Há um documento que não constitui sociedade, não transfere patrimônio e não se registra em junta — e que, nas empresas familiares longevas, costuma valer mais do que muitos que fazem tudo isso.
Há um documento que não constitui sociedade, não transfere patrimônio e não se registra em junta — e que, nas empresas familiares longevas, costuma valer mais do que muitos que fazem tudo isso. O protocolo familiar (algumas famílias o chamam de constituição ou acordo de família) é o combinado por escrito sobre como a família se relaciona com a empresa: os princípios, as regras de convivência e os ritos que os contratos jurídicos pressupõem, mas não criam.
O que costuma entrar. Os valores e o propósito — por que esta família mantém esta empresa, e o que a faria vender. As regras de entrada de familiares na operação: formação mínima, experiência fora de casa, vaga real existente, avaliação pelos mesmos critérios de qualquer candidato — a regra dura que protege a harmonia e o negócio de uma vez. A remuneração de mercado para quem trabalha, separada dos dividendos de quem é dono. O uso de bens da empresa (a régua que o caso do caixa misturado ensina pelo avesso). A política de dividendos da família e a educação da próxima geração de sócios — porque herdeiro que nunca entendeu um balanço vira sócio que desconfia de todos. Os fóruns: o conselho de família, sua pauta, sua periodicidade. E o caminho dos desconfortos: como a família conversa antes de litigar.

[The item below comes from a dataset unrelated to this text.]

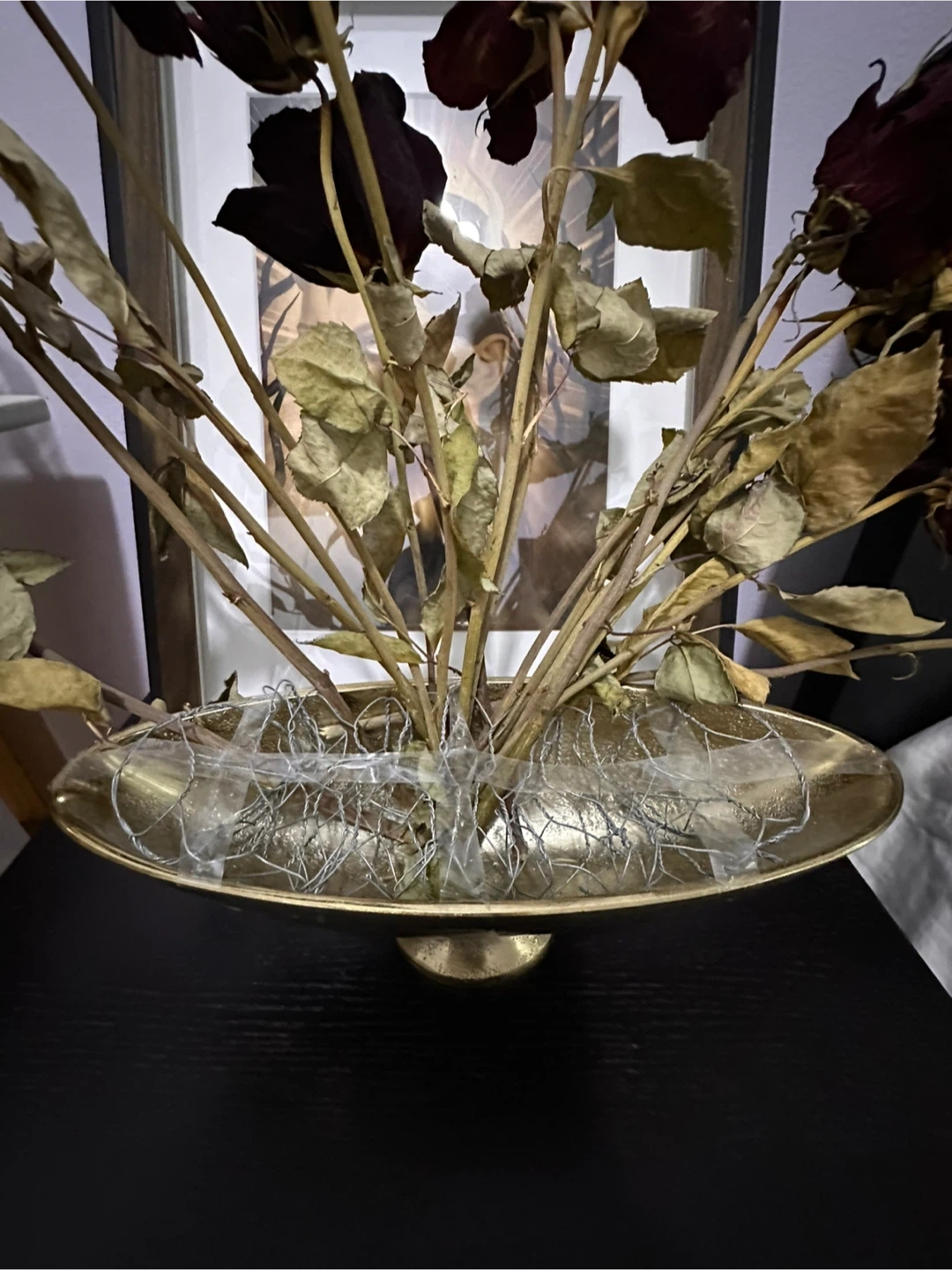 10Selling a decorative gold-colored metal bowl. It's perfect for displaying flowers or other decorative items. The bowl is in perfect condition and ready to add a touch of elegance to your home decor

O que ele vale — a pergunta certa. O protocolo, em si, vincula moralmente quem o assina e obriga juridicamente na medida do que suas cláusulas tenham natureza de compromisso entre as partes. Sua força maior, porém, vem da arquitetura: as regras que precisam de dente migram do protocolo para os instrumentos que mordem — o acordo de sócios, o contrato social, as doações com suas cláusulas, os testamentos. O desenho maduro é uma cascata: o protocolo declara os princípios; o acordo de sócios os converte em obrigações; o contrato e os atos de transmissão lhes dão forma registral. Família que escreve só o protocolo tem uma carta de intenções; família que escreve só os contratos tem regras sem alma que ninguém lembra por que existem. As que atravessam gerações escrevem os dois — e revisitam ambos em rito próprio, porque combinado que não se revisita vira relíquia.
Um aviso de método, fiel à casa: o protocolo não se copia — se conversa. O documento é a fotografia de acordos que a família construiu em reuniões que ninguém pode terceirizar; a minuta emprestada de outra família produz exatamente o efeito de qualquer roupa emprestada. Antes do protocolo, as decisões; antes das decisões, as conversas — de preferência com método, calendário e alguém conduzindo que não seja parte.